Deploying a licened version from HARMAN confers some meaningful benefits -- those builds continue to get functional and security updates.  For enterprises that need to keep Flash deployed, this is the best approach from both a security and operational perspective (they can/should still leverage the AllowList to limit their attack surface).

Without requiring users to license the HARMAN player, using confirming URIs buys you a few months to replace those Flash dependencies with something else before that mandatory MSFT patch gets deployed.

Getting Enterprise Enablement to work in Chrome is painful.  The location for mms.cfg is specific to the active Profile in Chrome, and each Chrome Profile has it's own directory tree for Flash data that doesn't correlate to any of the other profiles, or to the mms.cfg that all the other browsers look at. 

It's way easier to do in IE or Firefox ESR.

I find jeromiec83223024's insight very interesting, thank you for taking the time to discuss it.

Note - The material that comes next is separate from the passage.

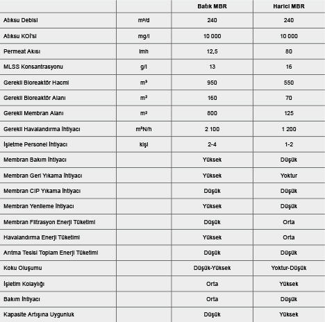 Bir endüstri için arıtma tesisinin işletim kolaylığı çok önemlidir. Tesis işletimi, gerektiği ölçüde otomatize edilmiş ve işletim kolay olmalıdır. • Tesis işletimi için gerekli personel ihtiyacı ve personel masrafı da minimize edilmelidir. • Tesisin bakım ihtiyacı az olmalıdır. Membranların yıkanma işlemi otomatize edilmiş ve yıkama kimyasalı tüketimi az olmalıdır. • Membran ömrü uzun olmalı ve membranlar kolaylıkla çıkarılıp değiştirilebilmelidir. Çoğunlukla endüstrilerde arıtma tesisi için ayrılan alan sınırlıdır; dolayısıyla arıtma tesisinin mümkün olduğunca küçük alana sığması istenir. Diğer yandan arıtma tesisinin mümkün olduğunca kokusuz çalışması gerekmektedir, ki firma çalışanları, komşu yerleşim birimleri ve çevredeki endüstriler rahatsız olmasınlar. Eğer koku oluşumu istenmeyen seviyelere çıkarsa firma, mahalli yönetmelikler çerçevesinde ceza ödemek zorunda kalacaktır. Endüstriyel atıksuların arıtımında membran bioreaktör (MBR) uygulamaları “Batık MBR” ve “Harici MBR” olmak üzere iki grupta incelenebilir. Bu yazımızda endüstriyel atıksu arıtımında Batık MBR ile Harici MBR uygulamalarının kısa bir karşılaştırmasını, detaylara çok girmeden yapacağız. Batık MBR’larda membranlar havuz içine yerleştirilmiş, atıksu içine batırılmıştır. Harici MBR’larda ise membranlar havuz dışına yerleştirilmiştir ve atıksu içine batırılmamıştır. Günümüzde Batık MBR’lar yüksek debili fakat kirlilik seviyesi düşük evsel atıksuların arıtımında çok yaygın olarak kulanılmakta, düşük enerji ihtiyacı nedeniyle tercih edilmektedir. Lakin endüstriyel atıksuların arıtımında durum farklıdır. Endüsriyel atıksular genellikle yüksek kirlilik seviyesine sahiptir. Batık MBR’lar çoğunlukla düşük kirliliğe sahip endüstriyel atıksuların arıtımında, harici MBR’lar ise yüksek kirlilikteki endüstriyel atıksuların arıtımında kullanılmaktadır. Batık MBR (Filtrasyon ünitesi su içine batırılmış durumda, işletmeye başlanmamış) [1] Aktif, işletilmekte olan harici MBR filtrasyon ünitesi [2] Aktif, işletilmekte olan batık MBR filtrasyon ünitesi [3] Batık MBR’larda permeat akısı düşüktür ve genellikle 10-20 lmh aralığındadır. Reaktör MLSS konsantrasyonu arttıkça permeat akısında azalma ve membran tıkanmasında artma görülmektedir. Bu sebeple reaktör MLSS konsantrasyonu sınırlıdır ve çoğunlukla 8-15 g/l aralığında alınmaktadır. Harici MBR’larda ise atıksu membranlara yüksek debi ile pompalandığından, permeat akısı çok yüksektir ve atıksu karakteristiğine bağlı olarak permeat akısı 80-200 lmh aralığında değişmektedir. Harici MBR’lar Batık MBR’lara kıyasla yüksek permeat akıları sayesinde çok daha az membran alanına ihtiyaç duymaktadırlar. Harici MBR’larda yüksek debili atıksu girişi, enerji tüketimini artırmakta ise de membranlarda süpürme etkisi oluşturduğundan membran tıkanmasını azaltmaktadır. Batık MBR’larda ise membran tıkanmasını azaltmak amacıyla membranların sıklıkla geri yıkamaya tabi tutulması gerekmektedir. Bu da üretilen permeatın bir kısmının kaybı demektir. Harici MBR’larda geri yıkama ihtiyacı yoktur ve Batık MBR’a kıyasla membran tıkanması çok daha azdır. Harici MBR’lar genelde 15-20 g/l MLSS konsantrasyonu ile dizayn edilir ve MLSS sınırlaması 25 g/l MLSS konsantrasyonundan sonra başlar. Batık MBR’ların CIP yıkaması için genelde membranın bulunduğu reaktörün boşaltılması ve yıkama kimyasalı ile doldurulması ya da membranın reaktörden çıkarılarak başka bir tank içinde yıkanması gerekmektedir. Bu ise yüksek miktarda kimyasal tüketimine sebebiyet vermektedir. Harici MBR’larda ise CIP yıkaması otomatize edilmiş basit bir işlemdir. Harici MBR’larda membran ihtiyacı batık MBR’lara kıyasla %10-20 seviyelerinde olduğundan, harici MBR’larda CIP yıkaması için gerekli kimyasal tüketimi çok azdır. Harici MBR’ların diğer bir avantajı ise CIP yıkama işlemi için reaktörün boşaltılmasına ya da membranların çıkarılmasına gerek duyulmamasıdır. Arıtma tesisi çalışmaya devam ederken membranlar 1-2 saat gibi kısa bir sürede yıkanabilir. Membranlarda herhangi bir şekilde deformasyon olması durumunda permeat kalitesinde düşme yaşanır. Hangi membranın hatalı olduğunu tespit etmek ve o membranı değiştirmek, Harici MBR’larda Batık MBR’lara kıyasla çok daha kolaydır. Harici MBR [2] Batık MBR filtrasyon ünitesi yıkanmak ya da değiştirilmek için vinç yardımıyla çıkarılıyor [4] Harici MBR [2] Batık MBR’larda MLSS konsantrasyonu, Harici MBR’lara kıyasla düşük olduğundan ve membranlar bioreaktöre ya da ek bir tanka yerleştirildiğinden toplam reaktör hacmi Harici MBR’lara kıyasla çok yüksektir. Batık MBR’larda reaktör yüksekliği genelde 4-7 m alınmaktayken Harici MBR’larda bu yükseklik 8-10 m alınmaktadır. Dolayısıyla Batık MBR’larda Harici MBR’lara kıyasla reaktör inşaası için daha büyük hacimlere ve daha fazla alana ihtiyaç vardır. Bu da inşaat yatırım maaliyetini atırmaktadır. Yüksek kirlilikteki endüstriyel atıksuların arıtımında kullanılan enerjinin en büyük kısmı havalandırma sistemi tarafından tüketilmektedir. Dolayısıyla havalandırma sisteminin optimizasyonu işletme maaliyetinin düşürülmesi için şarttır. Harici MBR’larda bu jet injektör havalandırıcılarının kullanımıyla sağlanabilmektedir. Jet injektörler yüksek verimliliğe sahip olmasının yanında bakıma ihtiyaç duymaması nedeniyle de ön plana çıkmaktadır (İlk kurduğumuz jet injektörler 15 yılı aşkın süredir çalışmaktadır). Sorunsuz çalışmaları nedeniyle jet injektörler tesis işletmecileri için pırlanta değe

I may be able to set up a test environment, but not in the immediate future, I've got too busy of a schedule at the moment.

Is it OK if, once I've gotten round to it (and if), I post back here with the results?

I'd just start a new thread with the details relevant to your situation if you're stuck.  I'm more likely to notice it, and we don't have to carry all the extra context from this thread forward that way.